Content starts

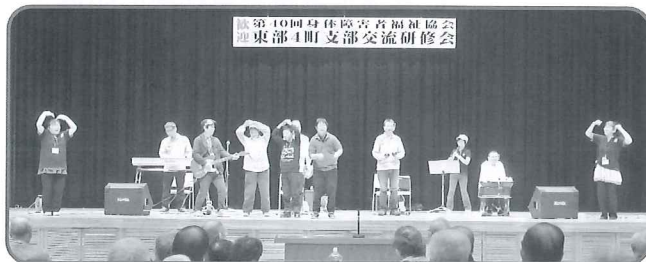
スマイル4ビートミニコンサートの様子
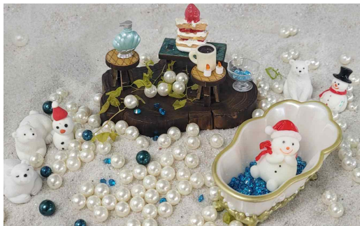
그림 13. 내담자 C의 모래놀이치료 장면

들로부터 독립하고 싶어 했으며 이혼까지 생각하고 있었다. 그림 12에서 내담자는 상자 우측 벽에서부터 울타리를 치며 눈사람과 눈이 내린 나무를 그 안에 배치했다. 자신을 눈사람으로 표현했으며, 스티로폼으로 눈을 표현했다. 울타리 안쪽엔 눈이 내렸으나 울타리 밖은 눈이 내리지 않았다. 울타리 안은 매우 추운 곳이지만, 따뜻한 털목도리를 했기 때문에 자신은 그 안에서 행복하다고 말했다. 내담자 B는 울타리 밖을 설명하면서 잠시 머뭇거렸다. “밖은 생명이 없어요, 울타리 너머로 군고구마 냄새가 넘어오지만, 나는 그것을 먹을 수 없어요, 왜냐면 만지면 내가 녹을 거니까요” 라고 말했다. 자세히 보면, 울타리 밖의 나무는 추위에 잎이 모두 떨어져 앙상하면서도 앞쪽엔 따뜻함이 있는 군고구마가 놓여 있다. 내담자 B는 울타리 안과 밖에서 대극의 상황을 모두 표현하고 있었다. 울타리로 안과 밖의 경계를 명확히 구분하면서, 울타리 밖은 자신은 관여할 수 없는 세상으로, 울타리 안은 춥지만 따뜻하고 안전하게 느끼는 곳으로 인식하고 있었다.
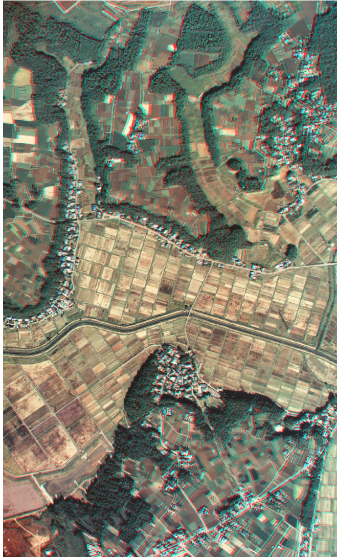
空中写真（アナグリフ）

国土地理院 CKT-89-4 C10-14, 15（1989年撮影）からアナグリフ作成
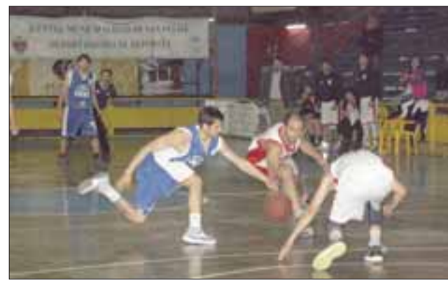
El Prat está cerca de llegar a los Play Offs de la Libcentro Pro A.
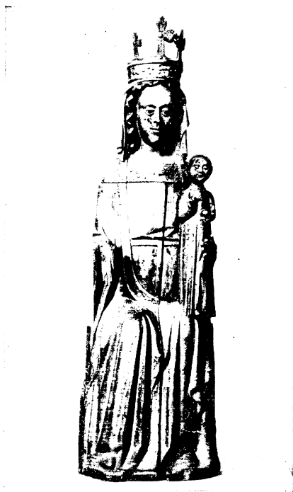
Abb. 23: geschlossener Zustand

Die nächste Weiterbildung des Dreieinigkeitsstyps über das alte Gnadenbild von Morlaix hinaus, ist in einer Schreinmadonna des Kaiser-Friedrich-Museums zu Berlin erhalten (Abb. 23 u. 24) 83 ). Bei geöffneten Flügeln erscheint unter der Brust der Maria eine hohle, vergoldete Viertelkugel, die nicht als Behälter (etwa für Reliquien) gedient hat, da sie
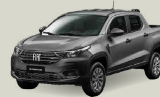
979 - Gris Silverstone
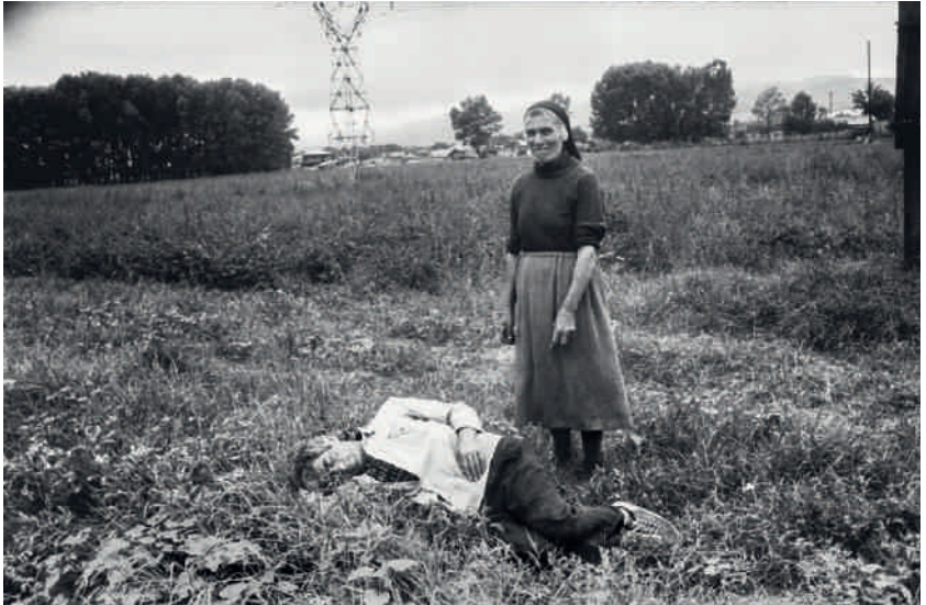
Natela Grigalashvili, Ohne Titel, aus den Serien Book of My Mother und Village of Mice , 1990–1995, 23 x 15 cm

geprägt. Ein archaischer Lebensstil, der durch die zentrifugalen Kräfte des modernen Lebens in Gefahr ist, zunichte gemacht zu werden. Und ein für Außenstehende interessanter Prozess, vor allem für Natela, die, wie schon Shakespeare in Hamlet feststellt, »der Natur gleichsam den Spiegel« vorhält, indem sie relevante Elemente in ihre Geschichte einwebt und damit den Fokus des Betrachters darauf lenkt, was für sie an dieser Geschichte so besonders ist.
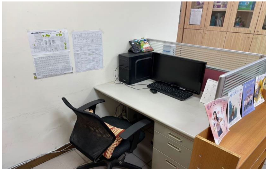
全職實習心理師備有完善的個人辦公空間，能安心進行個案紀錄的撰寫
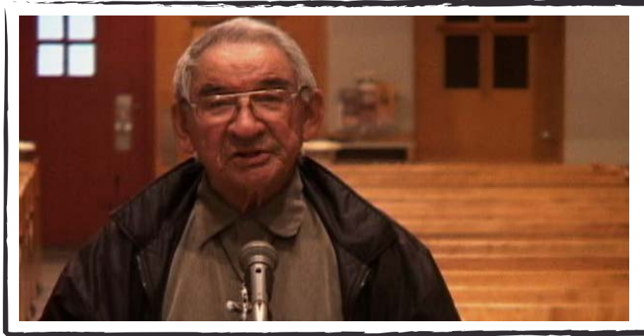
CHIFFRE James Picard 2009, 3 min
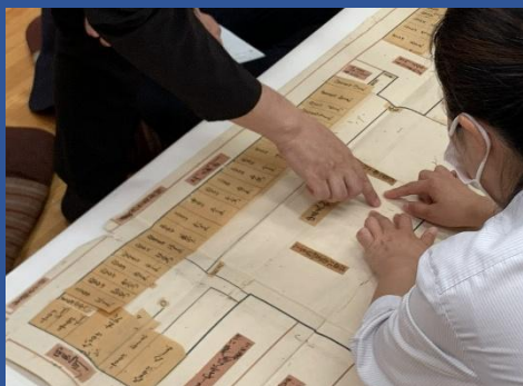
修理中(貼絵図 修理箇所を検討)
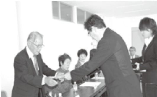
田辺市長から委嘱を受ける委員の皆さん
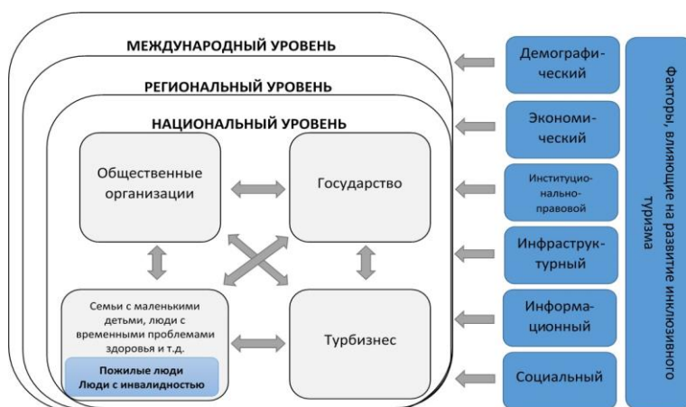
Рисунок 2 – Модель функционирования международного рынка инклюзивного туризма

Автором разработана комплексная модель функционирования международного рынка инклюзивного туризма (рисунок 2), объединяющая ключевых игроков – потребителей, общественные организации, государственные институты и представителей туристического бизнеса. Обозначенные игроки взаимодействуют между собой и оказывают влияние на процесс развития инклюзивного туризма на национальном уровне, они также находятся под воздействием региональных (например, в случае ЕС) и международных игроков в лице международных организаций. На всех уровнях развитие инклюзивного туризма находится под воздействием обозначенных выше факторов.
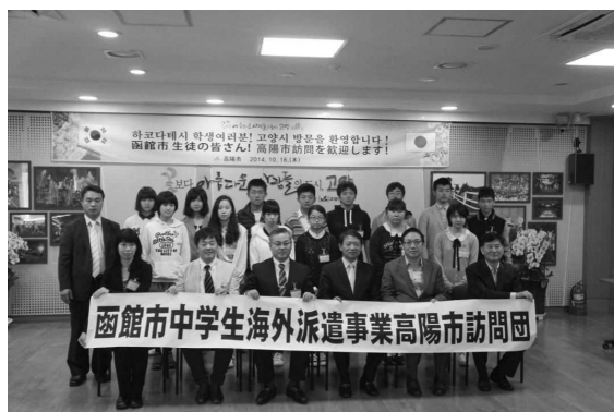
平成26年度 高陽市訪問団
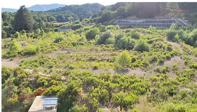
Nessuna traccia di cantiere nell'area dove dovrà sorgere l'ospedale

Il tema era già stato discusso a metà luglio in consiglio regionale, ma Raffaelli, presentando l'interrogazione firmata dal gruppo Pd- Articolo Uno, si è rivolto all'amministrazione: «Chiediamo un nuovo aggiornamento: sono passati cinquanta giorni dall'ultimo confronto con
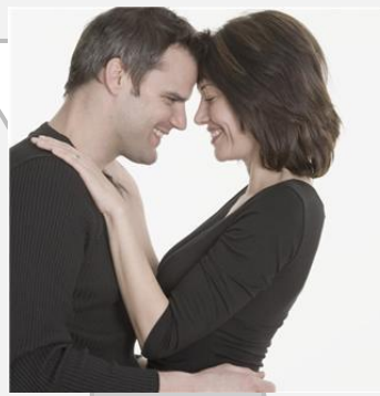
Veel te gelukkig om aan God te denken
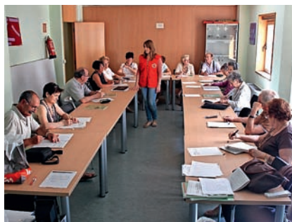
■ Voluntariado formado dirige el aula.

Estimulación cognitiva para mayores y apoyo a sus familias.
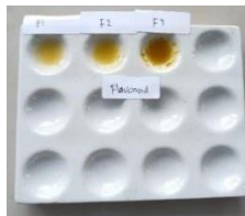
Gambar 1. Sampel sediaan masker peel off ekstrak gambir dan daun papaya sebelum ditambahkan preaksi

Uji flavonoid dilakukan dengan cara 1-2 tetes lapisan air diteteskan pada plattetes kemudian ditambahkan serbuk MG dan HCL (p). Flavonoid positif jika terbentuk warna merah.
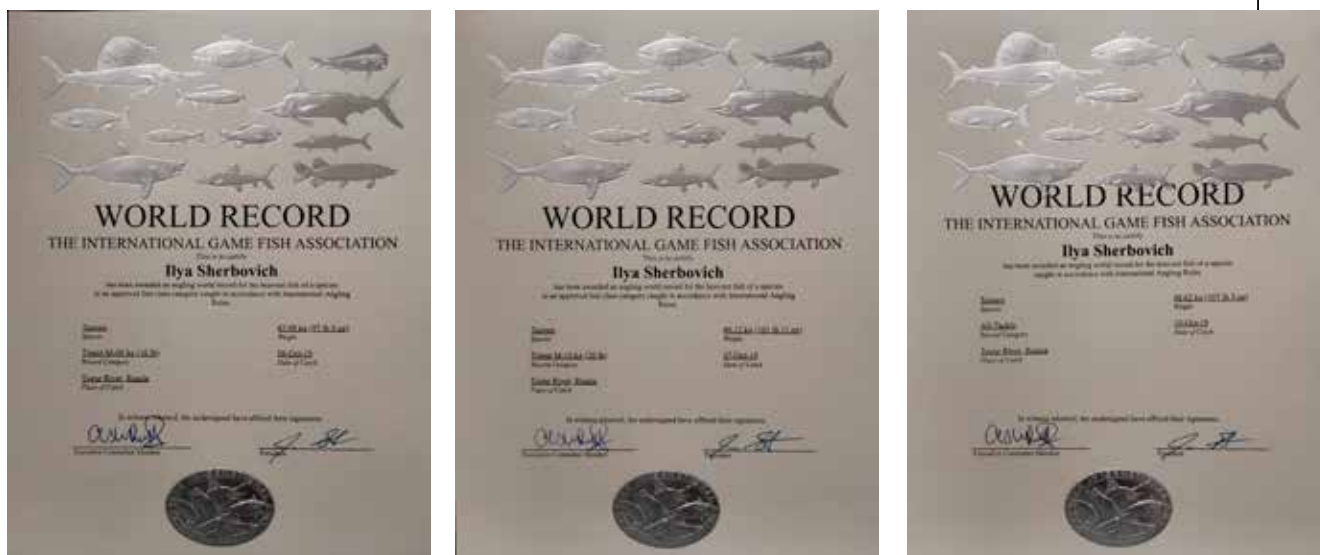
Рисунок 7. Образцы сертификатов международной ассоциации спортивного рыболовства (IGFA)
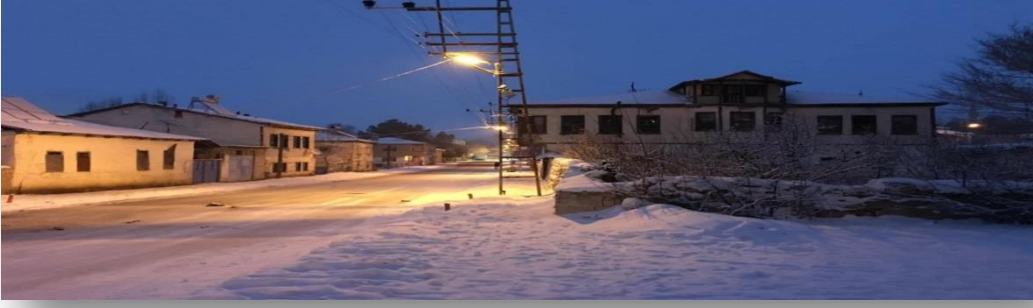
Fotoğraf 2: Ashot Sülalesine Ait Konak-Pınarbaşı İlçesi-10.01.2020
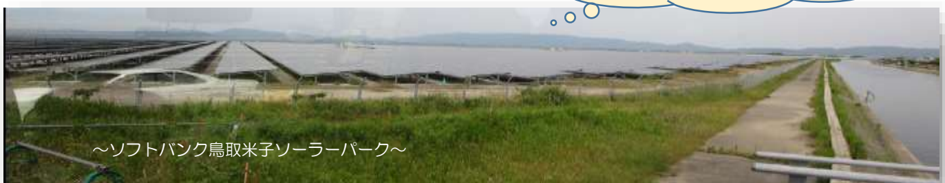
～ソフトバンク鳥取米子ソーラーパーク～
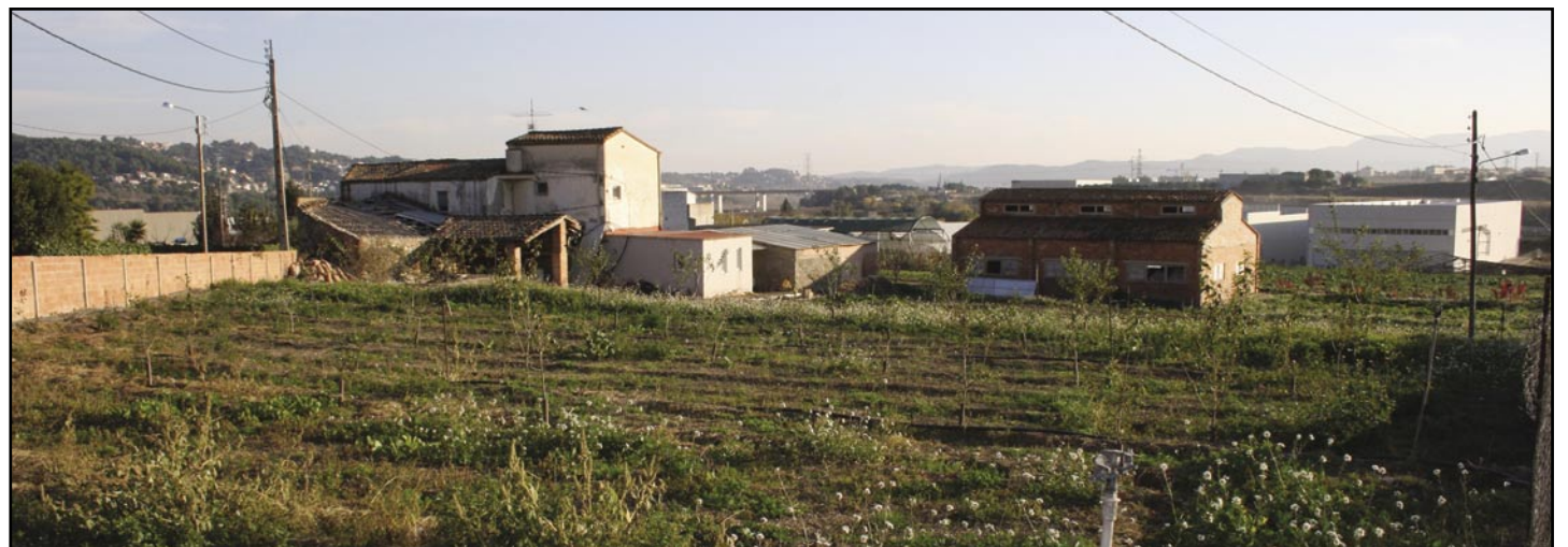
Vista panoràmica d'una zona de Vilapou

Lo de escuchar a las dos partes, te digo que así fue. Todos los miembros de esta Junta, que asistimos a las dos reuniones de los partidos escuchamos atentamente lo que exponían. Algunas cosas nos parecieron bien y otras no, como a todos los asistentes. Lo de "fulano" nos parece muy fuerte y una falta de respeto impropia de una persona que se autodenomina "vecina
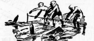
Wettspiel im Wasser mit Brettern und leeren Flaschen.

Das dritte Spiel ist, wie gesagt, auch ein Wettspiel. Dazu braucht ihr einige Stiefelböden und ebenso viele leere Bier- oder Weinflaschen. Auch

Content ends

In the records above, find each line that mentions the word "Wettspiel", and copy it.

Wettspiel im Wasser mit Brettern und leeren Flaschen.
Das dritte Spiel ist, wie gesagt, auch ein Wettspiel. Dazu braucht ihr einige Stiefelböden und ebenso viele leere Bier- oder Weinflaschen. Auch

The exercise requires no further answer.